2008年12月27日(土)
10月11日、12日、13日の3日間に渡り開催された「フォーラム顔学2008」第13回日本顔学会大会についてです。
今年もギリギリになってしまいましたが、「今年のことは今年のうちに」早足で振り返ってみたいと思います。
今までは、9月の土日を使って開催されていたのですが、今回は初めての3日間開催ということで月曜日の体育の日も入れて土日月の3日連続で東京大学の本郷キャンパスにて開催されました。
(参加者は過去最高レベル320名だったそうです。)
今年のプログラムは「顔とコミュニケーション」「顔と印象」「似顔絵」「表情コミュニケーション」「表情の解析と生成」「顔の文化・歴史」「顔とその機能」「顔の認識」「顔の形」をテーマとした演題で合計37件の口頭発表、特別講演「動的表情を処理する心理・神経メカニズム」、特別公開プログラム(第1部:マンガと顔 第2部:特別講演「たかが顔、されど顔…」 第3部:スピーチまんだら 顔って大切)ポスターセッション24件、デモンストレーション5件と盛りだくさんの内容。
さらには、当初は予定されていなかった小河原智子さんのカリカチュアブースと充実したフォーラムになりました。

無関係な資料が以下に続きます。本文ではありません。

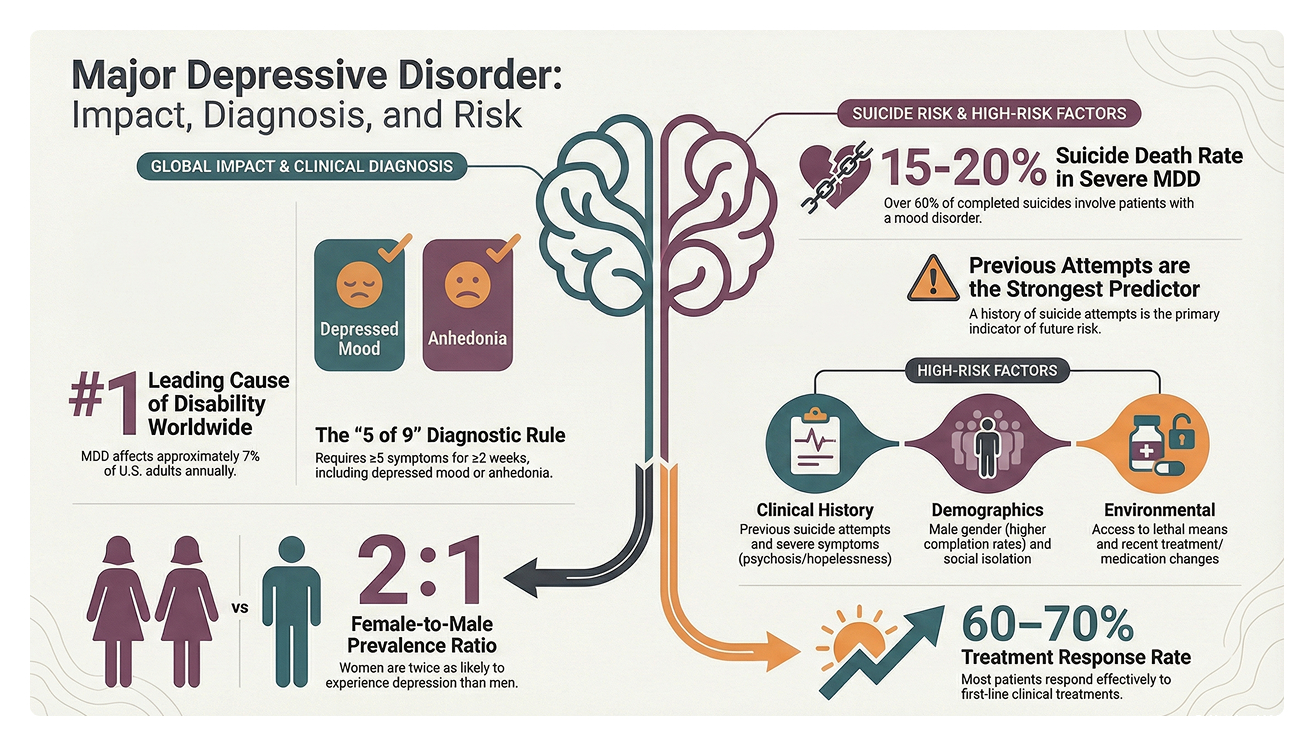 A clear and compassionate visual overview of Major Depressive Disorder, highlighting key symptoms, causes, and treatment options. Designed to help individuals and families better understand the condition and recognize when to seek professional support.

これらを中心に、個人的に印象に残ったものをピックアップして振り返ります。
※赤字が私の言葉です。
【エージェントの表情と言葉が応諾行動に与える影響】
一言で言うと「どうすれば好印象を持ってくれるか?」→「喜びながら驚く」
【動画における顔のPositive typeとNegative type -顔の個人差と表情印象-】
顔の個人差
顔は構造的に普遍的である一方、個人差が顕著な組織である。
表情は顔を媒介として表出される。
・顔タイプ間の口の形状の違い。
Positive type→口角が上昇し丸みを帯びた形状
Negative type→口角が下降し横に伸びた形状
・顔タイプ間の頬の形状の違い
Positive type→頬が隆起した形状
Negative type→頬の隆起が少ない形状
・顔タイプ間の運動の違い
Positive type→大きな口と頬の運動変化
Negative type→小さな口と頬の運動変化
●顔タイプの決定要因は口
●考察
人間には他者の心的状態を正確に測ろうとする調整機構が存在し、動画条件ではこれが働いた可能性が推測される。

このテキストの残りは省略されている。